In this week’s top news, Toby Tiangco takes off his shoes in court, while Grace Ibuna and Aleli Arroyo finally answer the trivia, “Who gets to bury Iggy Arroyo?”
I would have loved to write about Toby’s feet but ABS-CBN news already has a full page report on that (what an ahhhmazing display of reporting skills) and I have nothing else to add to it except maybe to note that Toby’s blue and purple striped sock heel goes well with his shock of/shocking/shocked grey hair.
I had little choice but to dissect the private lives of Grace, the third wheel who wasn’t, and Aleli, the wife who narrowly escaped an annulment, instead. It’s not my fault they were everywhere this week, in newspapers, television news programs and even in my neighbor’s dog’s Facebook page.
|I'm loving that sock heel Toby.|
There’s nothing unique about the story really. The husband leaves, starts seeing someone else and dies. The interesting bit starts when the ladies battle it out for the body.

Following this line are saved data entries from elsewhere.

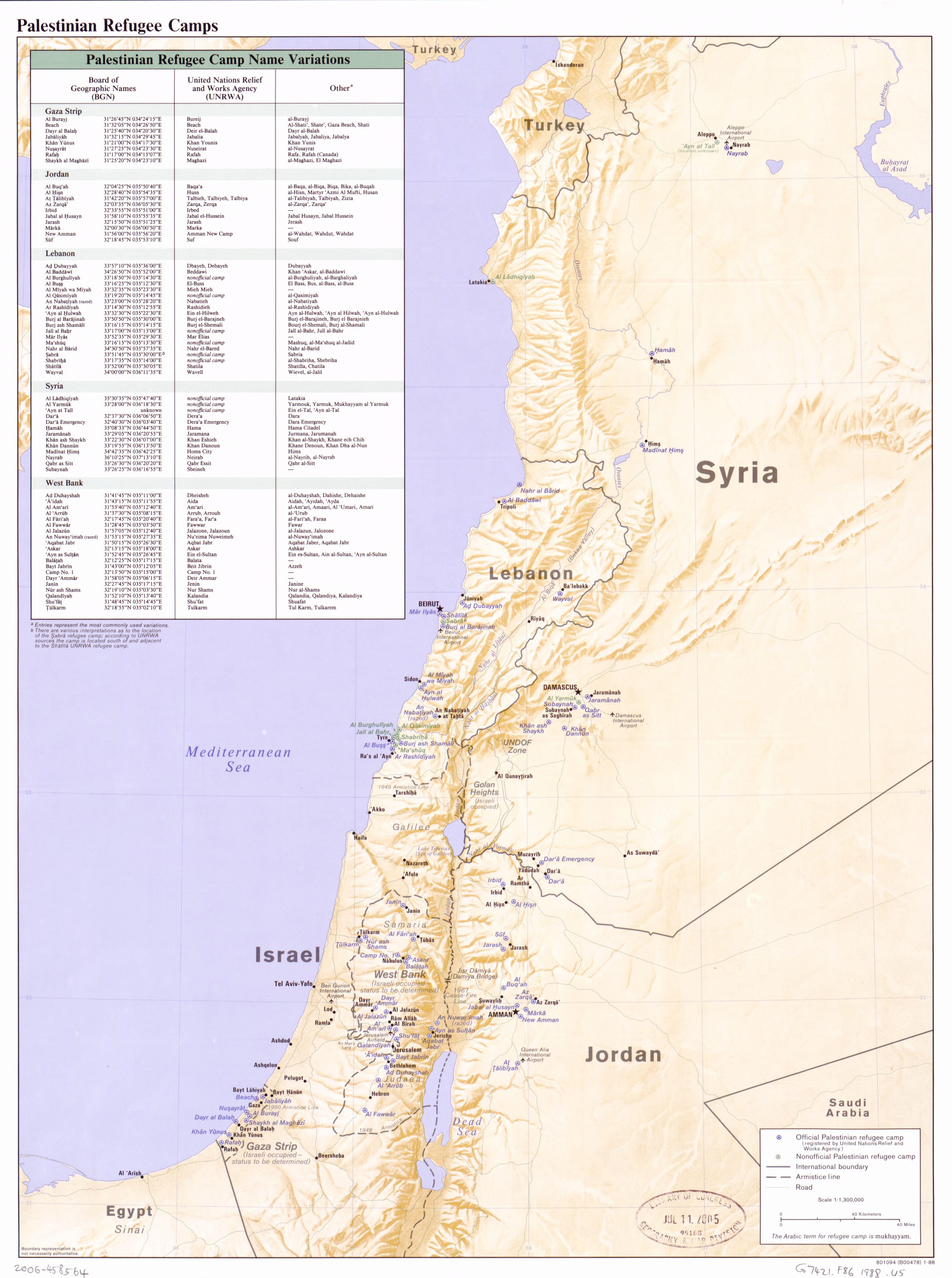 Relief shown by shading. Includes table of "Palestinian refugee camp name variations." "801094 (B00478) 1-88." Available also through the Library of Congress Web site as a raster image.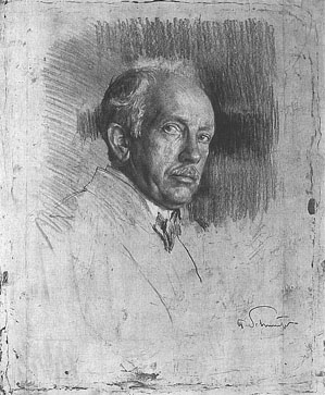 Engraved portrait of composer Richard Strauss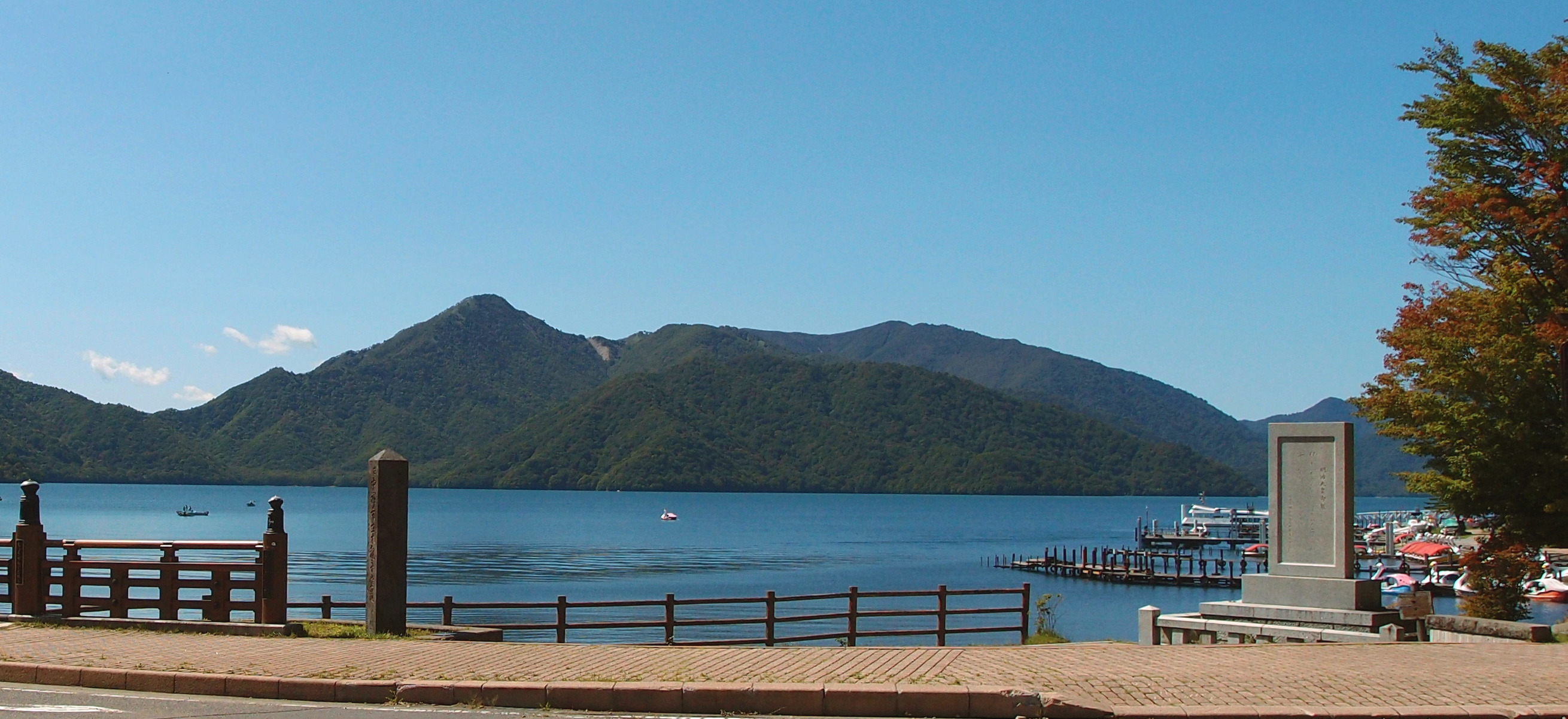 Japan: the lake Chūzenji in Nikkō (Tochigi prefecture), and a stele commemorating the Meiji emperor's visit in 1976.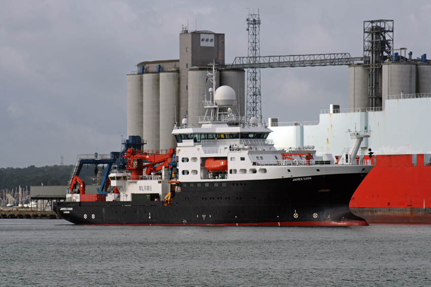 RRS James Cook returning to its base at the National Oceanography Centre, Southampton IMO: 9338242 Information about the vessel may be found at IMO 9338242.A ship can change name and flag state through time, but the IMO number remains the same through the hull's entire lifetime. As a result, it can be useful to identify a ship by using the IMO number.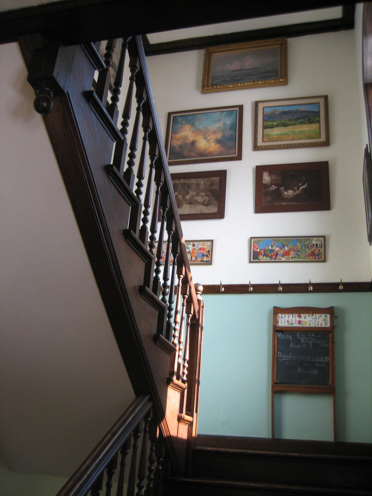 Oregon Public Library, Oregon, Illinois. National Register of Historic Places.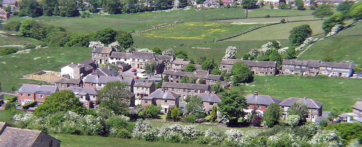 View of Hall Bower, from Castle Hill Huddersfield.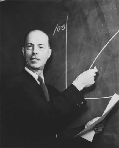 Colin MacCleod, geneticist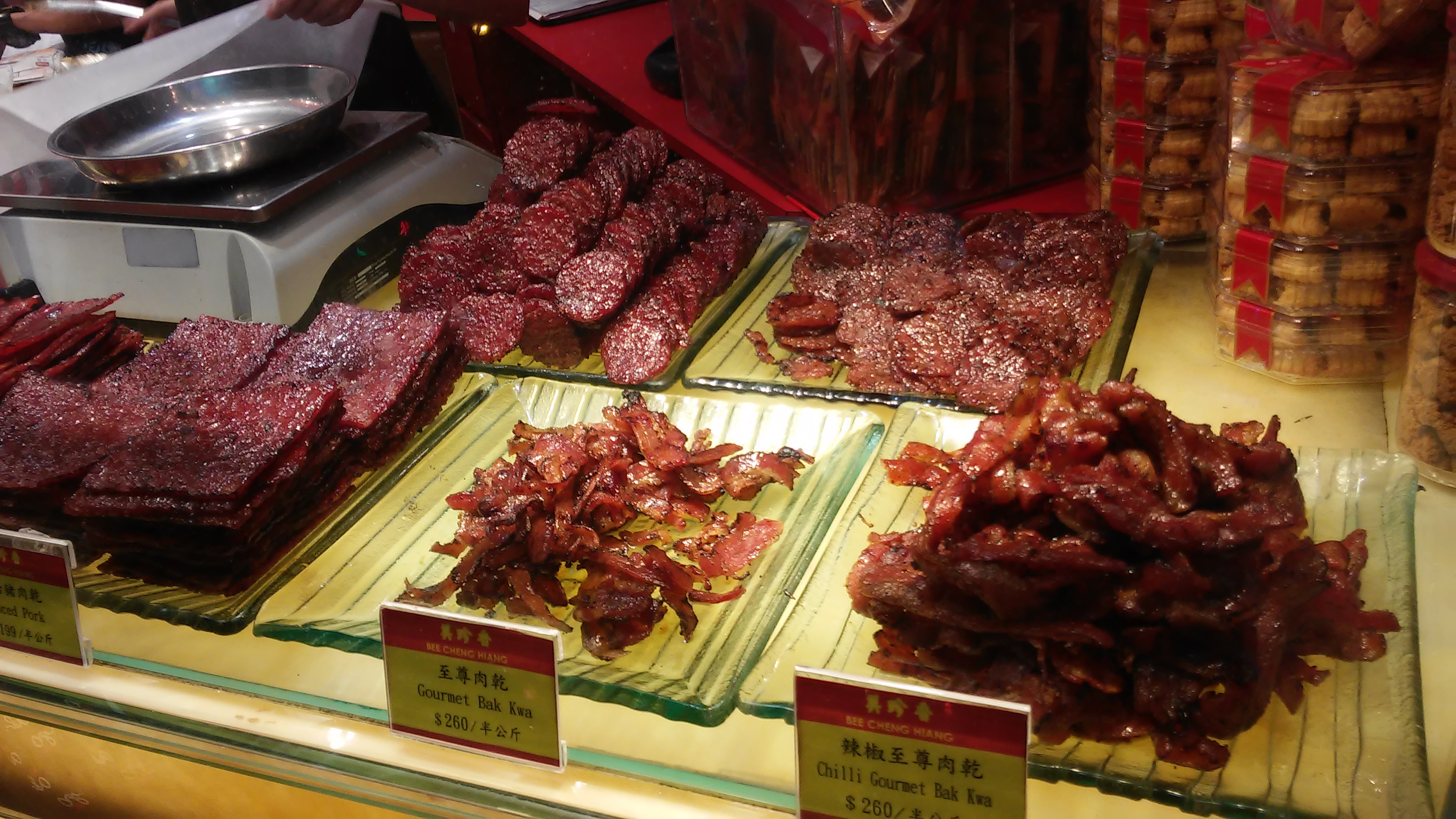 Causeway Bay Yee Woo Street shop 美珍香 Bee Cheng Hiang beef meat food Oct-2014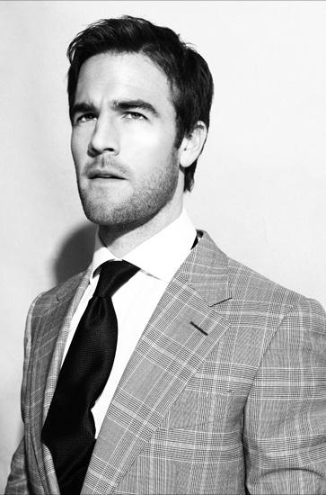 Image is of James Van Der Beek, American television, film, and stage actor. This image was taken in SanSierra Studio, New York, NY, US.

It’s not funny but it’s mildly amusing. There are no episodes requiring the services of bouncers of epic proportions, no scratching of nine inch nails, no tearing of hair and no words deadlier than shrapnel. Instead we see the delicate raising of trimmed eyebrows and the clinking of fine china over legal papers in London, proof that the law has more bite than promises of fidelity at an altar.
Even when they meet in public, hair follicles and makeup remain intact as Grace and Aleli retire to opposite sections of the church with their respective entourages, one group in white and the other in black. The “fight” is so uncharacteristic, it‘s like watching some weird paranormal activity.
Online, the violent reactions are more surprising considering the fact that none of the comment posters are the principal characters in the issue. Among some online circles, the consensus is to condemn the other woman for conduct unbecoming of a third wheel. We are a Catholic nation after all. Grace should emulate President Erap’s women who respectfully give way to the woman who holds the marriage contract (for people who cannot detect sarcasm an inch away, I'm obviously not being serious here) .
In male offline circles, the type created by bonds forged by 5% alcohol content, the talk is more subdued but in agreement. Perhaps the wife has razor sharp teeth, hence the husband's exit.
Wait a minute, why does it always have to be the women’s fault? Wasn’t there a dead man somewhere in the story too?
And that’s as far as I go. No one has access to the whole story. It’s time to say, “Mind your own business.”